Разговор не завязывался никак. Он спрашивал. А я отвечал неохотно. И все-таки, несмотря на все это, несмотря на то, что нам обоим хотелось попросту поговорить, - какая-то неуловимая черта, начинавшаяся еще где-то далеко в прошлом, лежала между нами.
- Ребята просили! Если ты сможешь, то приходи завтра к нам. У нас завтра в семь часов вечер в клубе. Там много наших встретишь - они будут рады.
- Цуккер... - спросил я, - вот ты мне все говоришь: "Ребята послали, ребята просят" - какие это ребята? Ну, например, кто?..
- Как - кто! Васька Бражнин, Васька Суханов, Гришка, Федор... я, Пашка Коротыгин - ну, вообще всё наши одноклассники, комсомольцы...
- Как? - Я повернулся так быстро, что нога моя соскочила с подушки и больно и сладко заныла. - Как ты сказал? Комсомольцы! Разве Гришка комсомолец?.. Разве ты, Яшка, комсомолец?..
- А ей-богу же, Борька, комсомолец! - обиженно и искренне вскричал Яшка, впервые называя меня по имени и так же по-прежнему, по-мальчишески оттопыривая губы, за что его и прозвали в школе Яшка-теляшка. - Уж скоро полгода, как комсомолец... Да хочешь, я тебе билет покажу?
- Ой-ой-ой-ой! - захохотал я, вырывая и отбрасывая его фуражку, которую он без толку крутил в руках. - Ой, и чудак же ты, Яшка! Чего же это ты мне просто не сказал? А то сидит, как китайский посол, и тянет что-то... "меня послали... тебя просили...". Сел бы да и говорил просто!
- А черт тебя знал, Борька, как с тобой разговаривать! - откровенно сознался Яшка. - Твое, можно сказать, такое положение, да еще с фронта, да еще раненый! Мне ребята говорят: "Гориков приехал, сходи ты, Яшка". Я спрашиваю: "Почему я? Пускай Гришка идет или Васька". Васька говорит: "Мне что, я схожу. А только Яшке лучше, он и раньше у него бывал". Ну, я и пошел...
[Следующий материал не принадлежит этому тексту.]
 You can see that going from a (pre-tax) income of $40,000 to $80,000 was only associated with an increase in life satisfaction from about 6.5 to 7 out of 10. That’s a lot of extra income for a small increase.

Все прошло. Исчез холодок. Разговор стал простым и теплым - таким, какой может быть только между двумя давно не видавшимися после ненужной и случайной ссоры товарищами.
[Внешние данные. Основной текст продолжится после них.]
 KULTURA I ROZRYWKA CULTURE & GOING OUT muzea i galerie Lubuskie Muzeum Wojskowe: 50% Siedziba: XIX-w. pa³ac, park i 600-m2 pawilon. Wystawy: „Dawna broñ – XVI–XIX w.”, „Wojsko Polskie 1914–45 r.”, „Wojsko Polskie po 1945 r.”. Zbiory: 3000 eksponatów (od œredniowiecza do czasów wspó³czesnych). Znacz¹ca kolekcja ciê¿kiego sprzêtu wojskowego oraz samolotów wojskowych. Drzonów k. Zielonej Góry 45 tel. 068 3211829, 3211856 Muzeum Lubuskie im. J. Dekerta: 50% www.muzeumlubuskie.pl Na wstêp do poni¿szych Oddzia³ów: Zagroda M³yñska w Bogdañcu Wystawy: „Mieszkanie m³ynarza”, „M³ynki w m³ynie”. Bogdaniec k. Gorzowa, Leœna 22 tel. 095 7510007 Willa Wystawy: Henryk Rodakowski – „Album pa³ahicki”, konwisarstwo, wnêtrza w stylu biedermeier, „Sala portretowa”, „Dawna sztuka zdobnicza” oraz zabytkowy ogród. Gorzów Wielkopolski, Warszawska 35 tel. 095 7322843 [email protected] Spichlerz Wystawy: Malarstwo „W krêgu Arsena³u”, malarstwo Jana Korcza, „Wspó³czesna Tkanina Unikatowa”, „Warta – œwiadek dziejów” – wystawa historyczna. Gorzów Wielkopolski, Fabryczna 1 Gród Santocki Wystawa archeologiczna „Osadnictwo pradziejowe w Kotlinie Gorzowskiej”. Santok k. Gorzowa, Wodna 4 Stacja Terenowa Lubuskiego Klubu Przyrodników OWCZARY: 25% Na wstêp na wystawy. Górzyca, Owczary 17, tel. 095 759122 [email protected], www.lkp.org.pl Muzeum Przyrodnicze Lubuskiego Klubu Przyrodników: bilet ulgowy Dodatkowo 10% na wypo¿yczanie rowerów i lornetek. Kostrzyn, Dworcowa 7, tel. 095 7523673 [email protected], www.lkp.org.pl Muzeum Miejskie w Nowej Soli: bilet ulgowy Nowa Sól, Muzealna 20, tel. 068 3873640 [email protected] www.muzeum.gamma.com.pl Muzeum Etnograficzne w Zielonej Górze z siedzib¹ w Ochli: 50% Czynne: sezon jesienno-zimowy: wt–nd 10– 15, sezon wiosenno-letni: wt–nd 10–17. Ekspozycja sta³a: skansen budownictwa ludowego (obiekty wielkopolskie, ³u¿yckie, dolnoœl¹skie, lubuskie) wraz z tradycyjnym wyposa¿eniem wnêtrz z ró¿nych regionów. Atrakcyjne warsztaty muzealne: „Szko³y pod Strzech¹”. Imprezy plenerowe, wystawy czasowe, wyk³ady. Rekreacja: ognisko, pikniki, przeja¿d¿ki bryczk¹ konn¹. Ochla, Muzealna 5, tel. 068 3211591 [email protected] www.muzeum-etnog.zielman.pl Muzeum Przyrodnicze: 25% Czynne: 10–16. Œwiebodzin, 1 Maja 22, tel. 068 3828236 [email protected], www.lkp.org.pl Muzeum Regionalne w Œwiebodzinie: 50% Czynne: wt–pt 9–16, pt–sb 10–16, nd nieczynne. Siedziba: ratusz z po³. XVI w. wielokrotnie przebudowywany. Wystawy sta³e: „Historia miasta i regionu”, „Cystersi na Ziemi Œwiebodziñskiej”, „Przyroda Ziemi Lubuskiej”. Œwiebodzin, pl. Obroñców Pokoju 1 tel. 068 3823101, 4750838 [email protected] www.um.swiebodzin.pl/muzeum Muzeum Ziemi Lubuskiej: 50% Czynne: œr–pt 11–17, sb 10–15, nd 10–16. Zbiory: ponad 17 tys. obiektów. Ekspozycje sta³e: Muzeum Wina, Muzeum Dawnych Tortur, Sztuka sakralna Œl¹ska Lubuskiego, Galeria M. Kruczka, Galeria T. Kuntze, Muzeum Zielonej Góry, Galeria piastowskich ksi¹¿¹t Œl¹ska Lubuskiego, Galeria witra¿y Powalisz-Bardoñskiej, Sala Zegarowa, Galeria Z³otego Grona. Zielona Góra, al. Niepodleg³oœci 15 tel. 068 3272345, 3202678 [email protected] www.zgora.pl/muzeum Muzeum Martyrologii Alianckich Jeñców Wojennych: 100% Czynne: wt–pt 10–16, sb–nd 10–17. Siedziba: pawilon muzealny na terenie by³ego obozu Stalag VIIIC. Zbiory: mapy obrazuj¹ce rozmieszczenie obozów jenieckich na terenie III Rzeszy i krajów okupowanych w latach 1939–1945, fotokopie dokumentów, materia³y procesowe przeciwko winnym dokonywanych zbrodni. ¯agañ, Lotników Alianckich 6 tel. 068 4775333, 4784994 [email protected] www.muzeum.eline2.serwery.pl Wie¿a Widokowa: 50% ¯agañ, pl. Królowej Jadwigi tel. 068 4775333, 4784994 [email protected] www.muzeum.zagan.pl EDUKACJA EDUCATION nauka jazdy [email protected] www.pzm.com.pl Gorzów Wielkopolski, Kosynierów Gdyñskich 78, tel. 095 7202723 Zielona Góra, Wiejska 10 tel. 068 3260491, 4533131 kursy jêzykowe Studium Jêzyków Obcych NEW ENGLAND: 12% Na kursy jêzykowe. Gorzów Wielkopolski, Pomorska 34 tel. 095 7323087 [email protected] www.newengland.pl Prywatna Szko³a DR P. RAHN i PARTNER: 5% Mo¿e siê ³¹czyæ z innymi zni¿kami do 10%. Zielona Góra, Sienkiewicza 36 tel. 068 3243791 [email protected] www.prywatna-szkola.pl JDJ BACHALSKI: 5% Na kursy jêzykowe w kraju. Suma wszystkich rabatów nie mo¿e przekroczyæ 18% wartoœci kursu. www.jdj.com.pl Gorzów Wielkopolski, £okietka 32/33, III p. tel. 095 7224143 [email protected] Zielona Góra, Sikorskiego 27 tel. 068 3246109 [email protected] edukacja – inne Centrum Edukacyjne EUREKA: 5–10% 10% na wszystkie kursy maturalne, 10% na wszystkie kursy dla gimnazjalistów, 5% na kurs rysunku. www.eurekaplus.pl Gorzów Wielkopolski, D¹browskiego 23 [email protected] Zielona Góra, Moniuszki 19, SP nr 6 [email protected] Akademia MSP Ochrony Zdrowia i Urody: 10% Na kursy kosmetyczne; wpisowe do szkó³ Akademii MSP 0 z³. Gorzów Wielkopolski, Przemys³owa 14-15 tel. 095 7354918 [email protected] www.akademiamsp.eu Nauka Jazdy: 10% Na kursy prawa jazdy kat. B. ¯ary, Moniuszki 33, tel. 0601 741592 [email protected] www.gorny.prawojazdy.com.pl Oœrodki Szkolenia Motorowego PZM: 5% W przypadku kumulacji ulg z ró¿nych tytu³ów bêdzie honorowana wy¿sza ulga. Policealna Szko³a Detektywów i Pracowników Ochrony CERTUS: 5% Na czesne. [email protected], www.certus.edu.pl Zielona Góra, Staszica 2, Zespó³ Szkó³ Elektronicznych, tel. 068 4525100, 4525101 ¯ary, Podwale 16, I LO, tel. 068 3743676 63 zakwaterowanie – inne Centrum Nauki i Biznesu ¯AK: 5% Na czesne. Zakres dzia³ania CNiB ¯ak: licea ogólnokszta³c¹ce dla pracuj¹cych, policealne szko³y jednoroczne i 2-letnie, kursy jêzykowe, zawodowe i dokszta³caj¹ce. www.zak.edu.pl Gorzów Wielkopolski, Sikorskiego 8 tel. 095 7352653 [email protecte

Я мало рассказывал, больше спрашивал. Потом мы начали вспоминать:
- А помнишь?
- А помнишь?..
Много таких светлых и коротких "помнишь" накопилось у двух ребят за время дружбы, которая началась чуть ли не с шестилетнего возраста.
Он рассказывал мне о моих школьных товарищах и о врагах, о том, кто из них учится, кто уехал, кто вступил в комсомол. И я с огромным вниманием и радостью слушал о том, что Кольку приняли было, да вскоре исключили. А что Васька оказался хорошим парнем. И что другой Васька тоже в комсомоле... И что Петька подал заявление...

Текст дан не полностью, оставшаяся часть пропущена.